FIG. 1 is an external connection diagram when a burnout prevention device according to an embodiment of the present invention is applied to a power supply device for welding.

FIG. 2 is a flowchart showing a control procedure according to the embodiment of the present invention.

[Explanation of symbols]

 Reference Signs List 5 output cable 7 torch switch 21, 22, 23 setting unit 25 arithmetic unit 30 shunt

Continued on the front page (72) Inventor Hidenori Tateishi 2100 Kamimaizumi, Ebina City, Kanagawa Prefecture Hitachi Seiko Co., Ltd.

Claims (2)

[Claims] 1. A setter for a rated current value, a setter for a rated usage rate, a setter for a period, a current detector, an arithmetic unit,
A storage device and a timer, wherein the sum of the square of the detected current value is shorter than the period set by the setting device, and the product of the square of the rated current value, the rated use rate, and the period is obtained.
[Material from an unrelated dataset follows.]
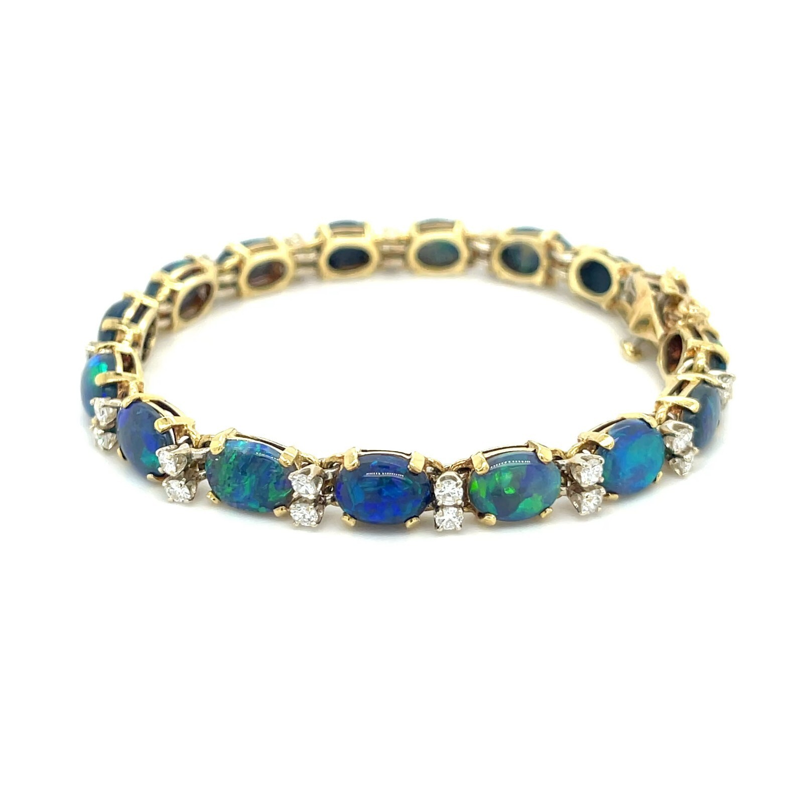 18K Gelbgold Schwarzer Opal Cabochon Und Diamant Armband 6 5/8" Wunderschön

A burnout prevention device for an electric device, which is configured to output an output stop signal when the output exceeds the limit, wherein a rated output is determined by a period. 2. The output stop period according to claim 1, wherein the output stop period is determined according to the magnitude of the sum of the squares of the current values in a predetermined period until the output stop signal is output. A burnout prevention device for electrical equipment whose rated output is determined by period.